De retour à Athènes au mois de février dernier, pour une deuxième pige à la tête du modeste club d’Atromitos, Sa Pinto a réinstallé sa recette, désormais habituelle. Son équipe laisse volontiers le ballon pour mieux le récupérer et verticalise très rapidement le jeu pour profiter au maximum des moments de transition en repartant le plus vite possible dans le dos des latéraux adverses. Déjà à Lisbonne, la pointe de vitesse de Diego Capel était l’une des armes principales de son équipe, qui aimait chercher un appui sur l’attaquant de pointe, puis une remise au milieu avant de trouver la profondeur dans les couloirs.

L’enchaînement privilégie souvent la vitesse à la précision et l’hyperactivité à la réflexion, offrant des matches pauvres en occasions, et donc en buts.
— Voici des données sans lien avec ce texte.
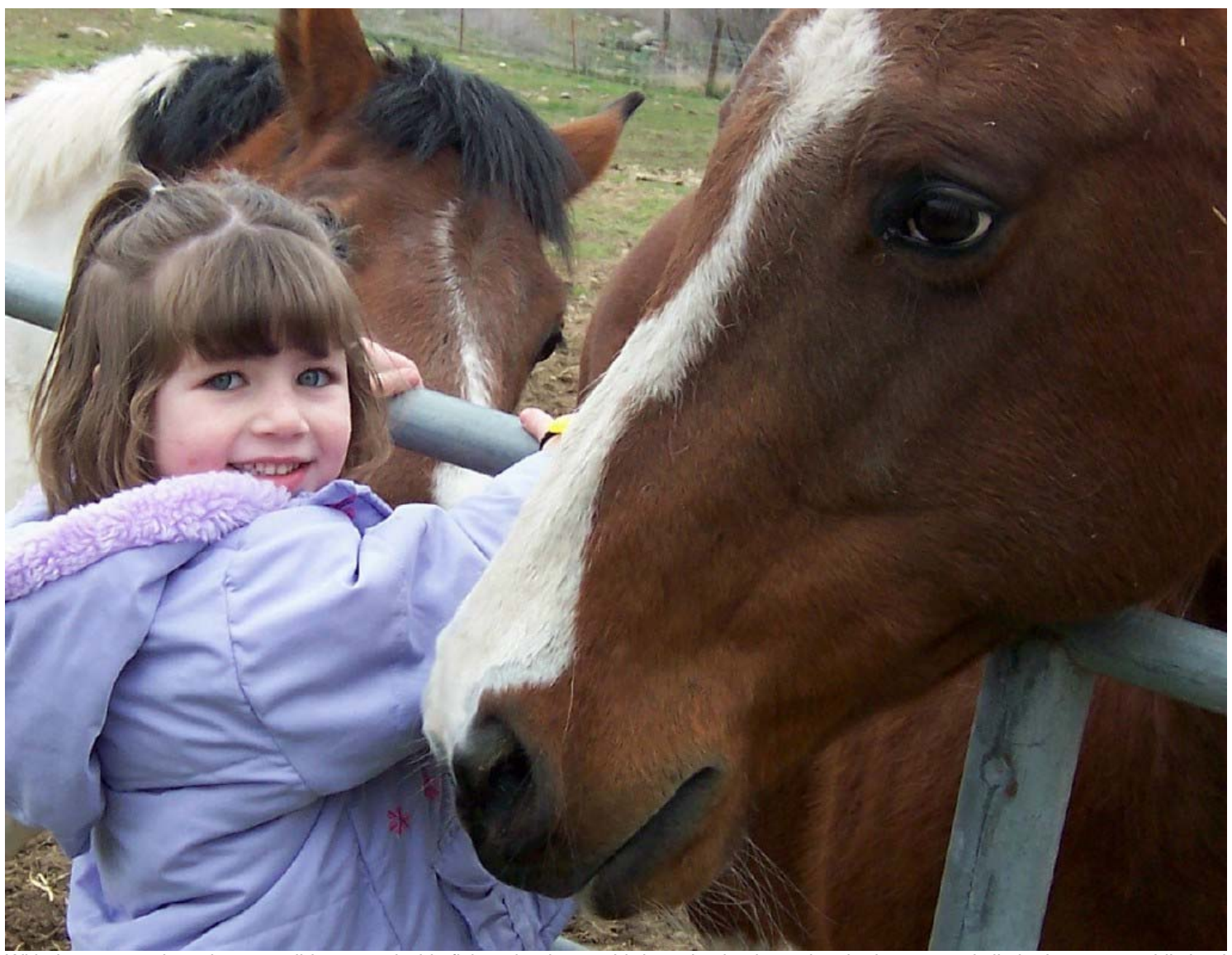
With the opportunity to harvest wild trout and whitefish, upland game birds and animals, and mule deer severely limited on most public land in Idaho, what has happened to our grandchildren's hunting and fishing heritage?

In March 2006, 16 of 34 Idaho Senators voted against giving Idaho voters the chance to decide whether hunting, fishing and trapping should be a Constitutional right - or simply limited privileges granted by the state. Several who voted against SJR 106, said there is no present

Ses deux passages dans le club athénien se sont conclus avec 31 buts marqués et 33 encaissés en 32 matches, mais les rencontres sont en mouvement perpétuel, sans véritables temps morts, dans un championnat où les équipes prennent rarement le temps d’installer la possession. A l’Atromitos, on voit souvent les défenseurs se faire quelques passes latérales, avant que l’un d’eux ne finisse par craquer, envoyant un long ballon vers l’attaquant, entouré d’adversaires qui prennent souvent le dessus, mais soutenu dans un second temps par des équipiers qui font la chasse au deuxième ballon pour profiter d’un match désorganisé.

Possession et passion

Parce qu’il faudra bien que son Standard ait parfois le ballon, quand l’adversaire refusera d’assumer la possession, il est indispensable de jeter un oeil au football de Ricardo Sa Pinto face à des adversaires modestes. Là, son Atromitos ne s’embarrasse pas de longues et méthodiques installations dans le camp adverse mais tente principalement de trouver ses ailiers dès que possible.
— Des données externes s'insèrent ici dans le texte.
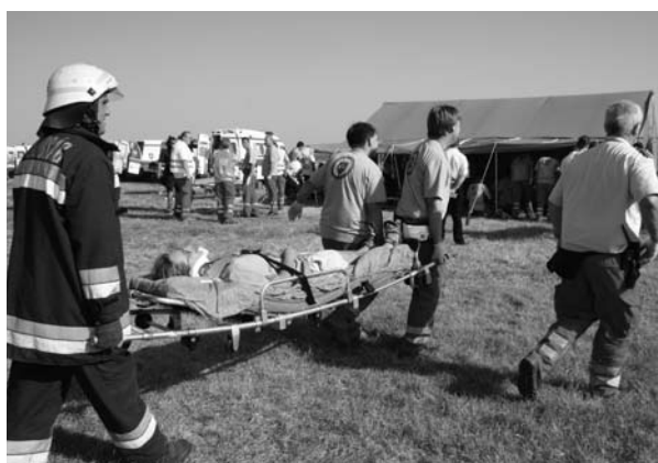
Emergency drills organized by MMSz in Sukoro

Généralement installés sur leur mauvais pied, pour qu’ils puissent rentrer dans le jeu et s’ouvrir une fenêtre de tir, les joueurs de couloir sont soutenus par des latéraux athlétiques, qu’ils utilisent souvent comme fausses pistes pour faire la différence en repiquant vers l’axe. Un joueur comme Junior Edmilson convient parfaitement au profil d’ailier préféré de son nouvel entraîneur, par sa capacité à créer le danger seul, avec ses dribbles et ses frappes à distance.

Difficile, vu l’état du noyau, de faire beaucoup plus de projections sur la première version footballistique de ce Standard portugais. Par contre, une chose est sûre : l’amour du maillot et les kilomètres parcourus seront les maîtres-mots, affichés en grand à l’entrée du chantier liégeois de Ricardo Sa Pinto. Le jeu sera peut-être aléatoire, mais la passion ne se négociera pas. L’esprit Standard est entre de bonnes mains.